Olympic team contender Rucker retires Baltimore middleweight cites 'change of heart'

February 22, 1996|By Don Markus | Don Markus,SUN STAFF

Last July, Baltimore middleweight Dana Rucker put himself on the fast track to this summer's Olympic Games by winning the U.S. Olympic Festival gold medal in Colorado Springs, Colo.

Rucker was supposed to return there for last week's U.S. Boxing Championships. Instead, he spent the week in his hometown, celebrating his son Hasan's sixth birthday and contemplating his own future.

A future out of boxing.

Rucker, 24, said yesterday that he has decided to retire from the sport he took up three years ago as a way to improve his skills as a kick-boxer and, perhaps, further his education. He said a number of factors contributed to his decision.
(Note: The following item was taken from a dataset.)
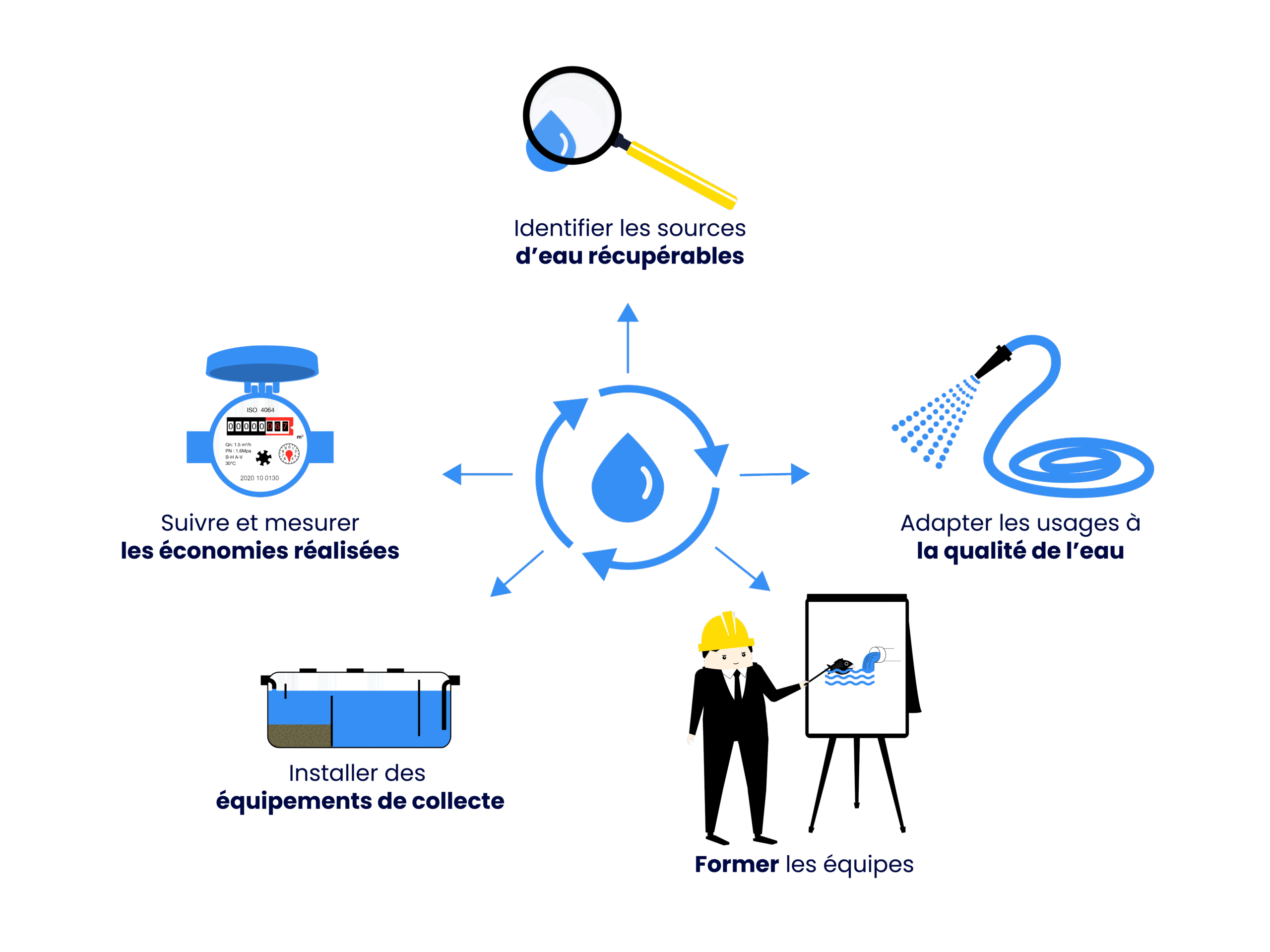 - De nombreuses solutions existent, allant de la récupération des eaux de pluie à la réutilisation des eaux de rinçage ou de pompage.

"There were a lot of internal problems," Rucker said by telephone from Marquette, Mich., where he attends Northern Michigan University on a USOC-funded boxing scholarship. "Certain things I can't discuss, but I had a change of heart for the sport."

Rucker said that he began to have misgivings as far back as last summer, shortly after he shocked the amateur boxing world by beating the two top middleweights in successive bouts at the Olympic Festival. He took over the country's top ranking as a result.

Some of those feelings intensified when he lost what Al Mitchell, Rucker's coach at Northern Michigan and this year's Olympic coach, called a "bad decision" in the preliminaries of the Police Athletic League championships in Dallas last November.

"After the Festival, I thought it [the idea of quitting] would go away," said Rucker, who also won the 1994 Golden Gloves. "But something was telling me that I had already reached my goal. I knew it shouldn't have been that way, but it was.

"After that, I felt I had to lead the life of a boxer -- eat like a boxer,

think like a boxer. I didn't want to do that. I had never done that before. I don't know if that [the decision in Dallas] did it. But sometimes I don't think the judges realize what they can do to a person's life."

Rucker, whose ranking had fallen to fourth with that defeat, was still considered a strong contender to make the Olympic team. It certainly didn't hurt that Mitchell, who had a close relationship with Rucker, would be involved in helping shape this year's Olympic team.

When reached at his office yesterday, Mitchell said that Rucker's decision caught him by surprise.

"It came out of nowhere," said Mitchell. "I don't know what he was thinking. It might have been the pressure. Everyone wants so much of you. But I told him that if he made the Olympic team, everything would be there for him."

Mitchell said that Rucker would be able to remain on scholarship through the end of the semester, and might be able to retain it if he stayed in the program in another capacity.

Rucker said that he plans on completing his education either at Northern Michigan, where he's a sophomore, or at another school closer to home.

"Once I get my degree, I'll feel that I've accomplished something," said Rucker. "Boxing has taught me something. It taught me I can be successful in school. I'm the type of fighter that likes to outthink the opponent. Now it's time to use my brain for something else."